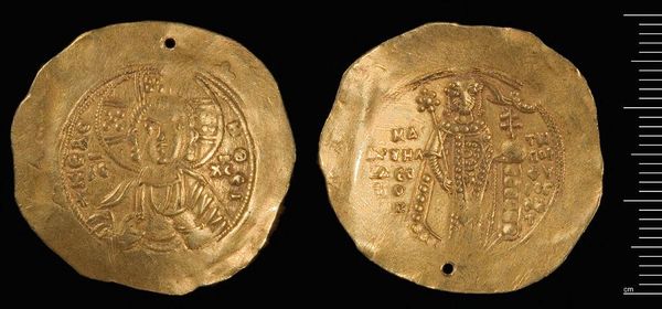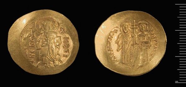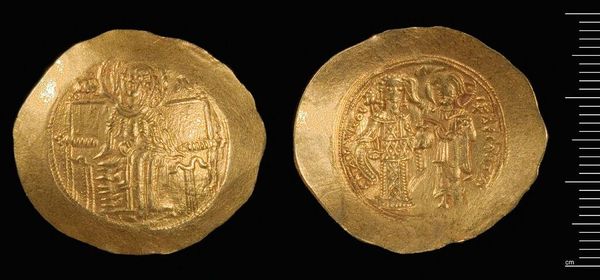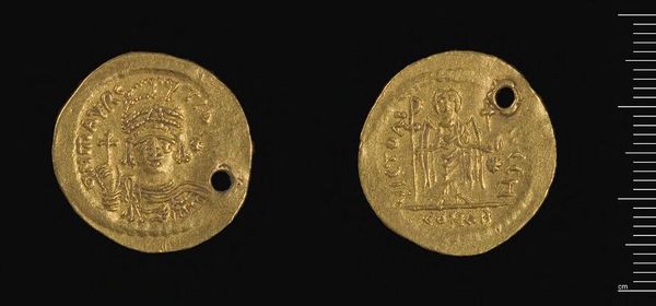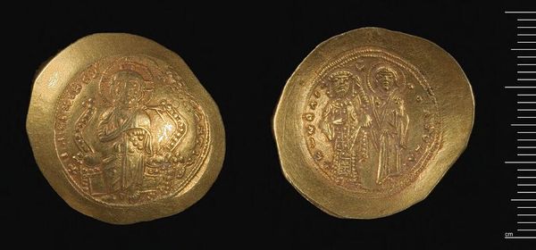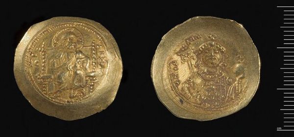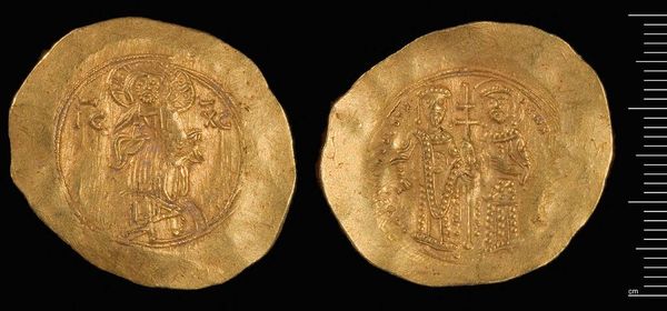 Curator: This is a coin of Nikephoros III, currently held at the Harvard Art Museums. Editor: It has such an archaic feel. The low relief and compact composition give it a feeling of solemnity. Curator: Absolutely. It's fascinating to consider these coins as instruments of power, mass-produced and circulated widely within the Byzantine Empire. Imagine the labor and the control over resources required. Editor: The visual language, too, speaks of authority. The figures are framed centrally, symmetrical. Curator: Precisely! It's a testament to the power of material culture and its connection to the social order. Editor: It is also a simple token of past times. Curator: I agree; such a potent, layered object. Editor: Indeed, a treasure.
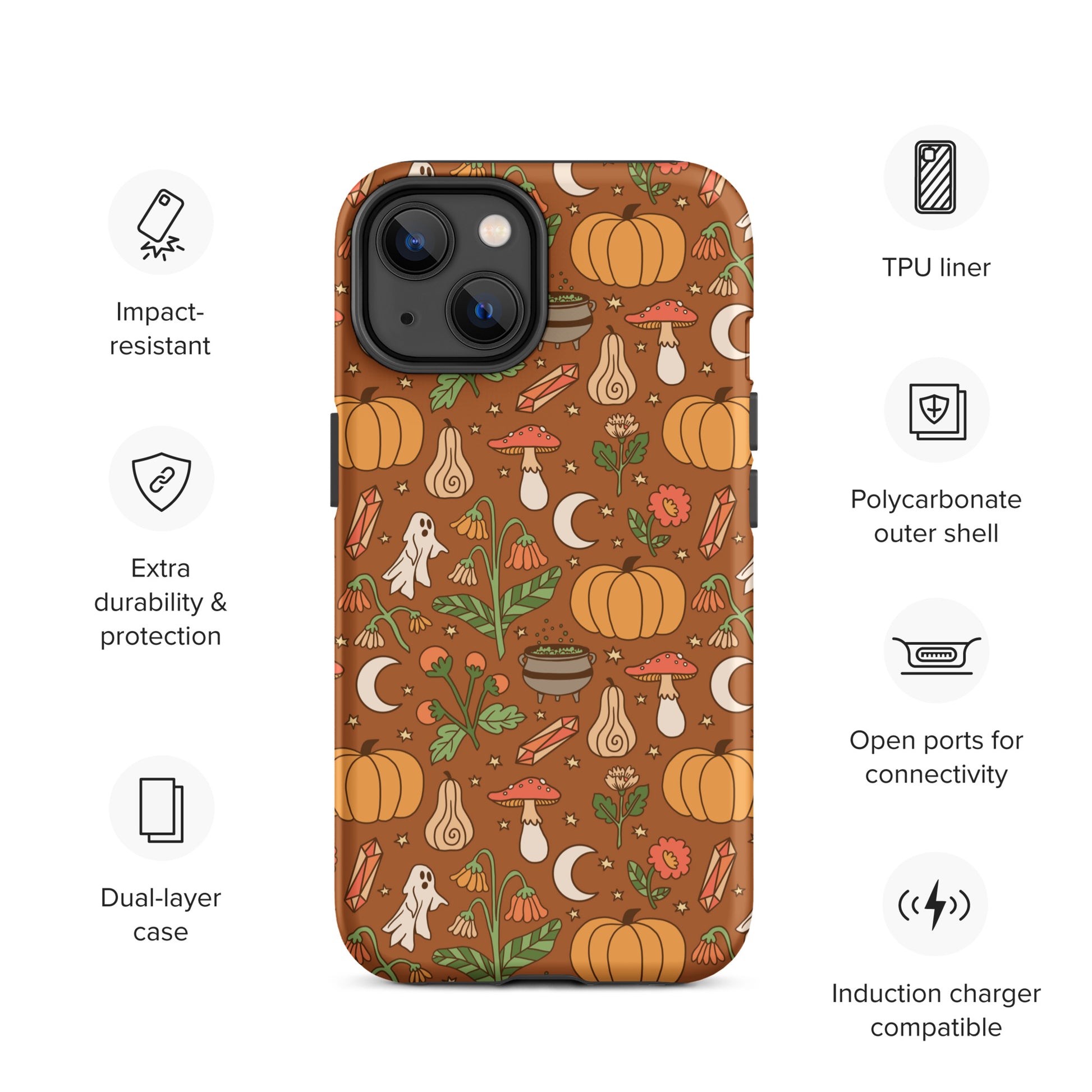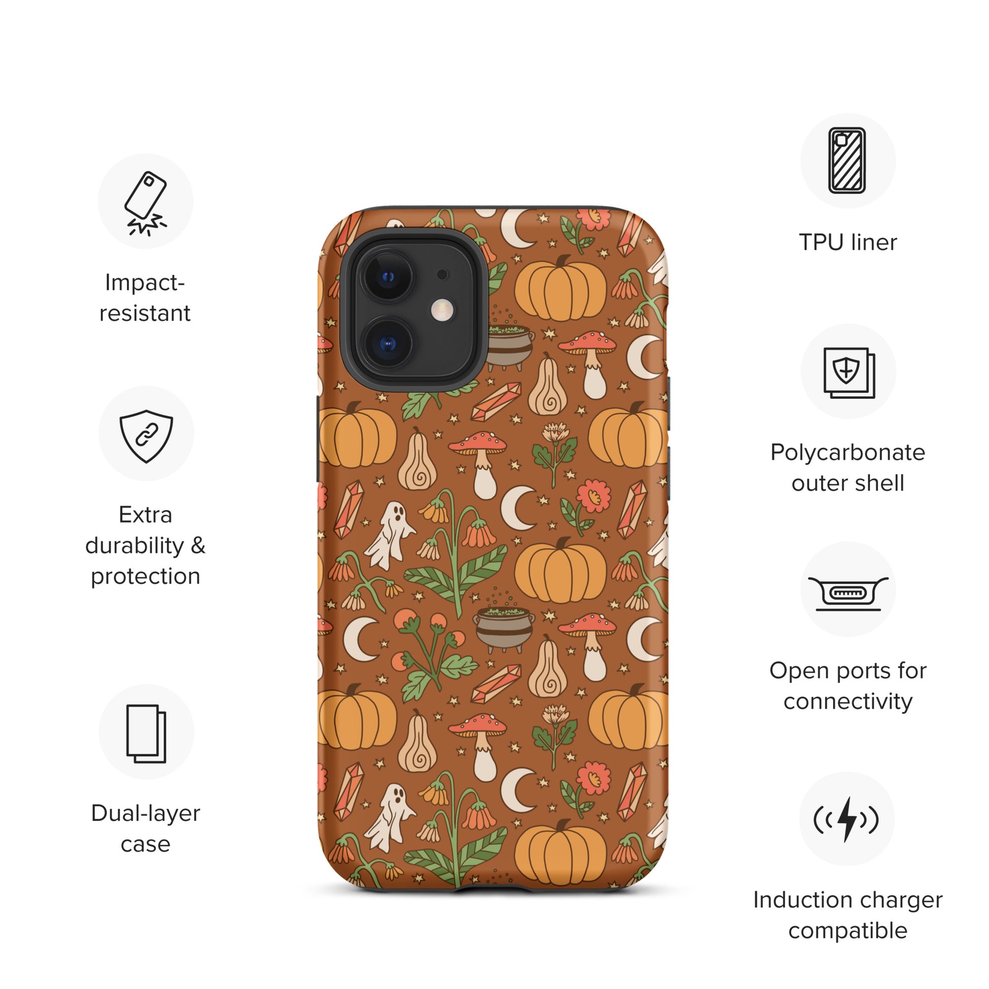 Add some fall fun to your phone with this cozy autumn ghost and Hot Coco tough case! Protect your iPhone while showing off your spooky side. Perfect for fall lovers and those who love a touch of spookiness in their daily lives.
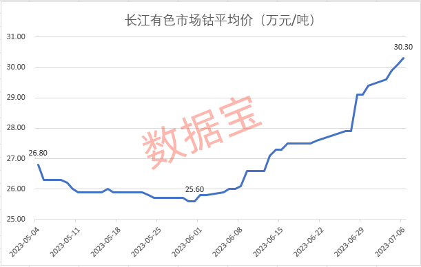金属钴6月以来价格大幅反弹,并重新站上30万元/吨的大关。

########################################

» What the task asks
Every line of the data above is to be repeated exactly; the images are to be left out.

» Task output
 Curator: This is a coin of Nikephoros III, currently held at the Harvard Art Museums. Editor: It has such an archaic feel. The low relief and compact composition give it a feeling of solemnity. Curator: Absolutely. It's fascinating to consider these coins as instruments of power, mass-produced and circulated widely within the Byzantine Empire. Imagine the labor and the control over resources required. Editor: The visual language, too, speaks of authority. The figures are framed centrally, symmetrical. Curator: Precisely! It's a testament to the power of material culture and its connection to the social order. Editor: It is also a simple token of past times. Curator: I agree; such a potent, layered object. Editor: Indeed, a treasure.
 Add some fall fun to your phone with this cozy autumn ghost and Hot Coco tough case! Protect your iPhone while showing off your spooky side. Perfect for fall lovers and those who love a touch of spookiness in their daily lives.
金属钴6月以来价格大幅反弹,并重新站上30万元/吨的大关。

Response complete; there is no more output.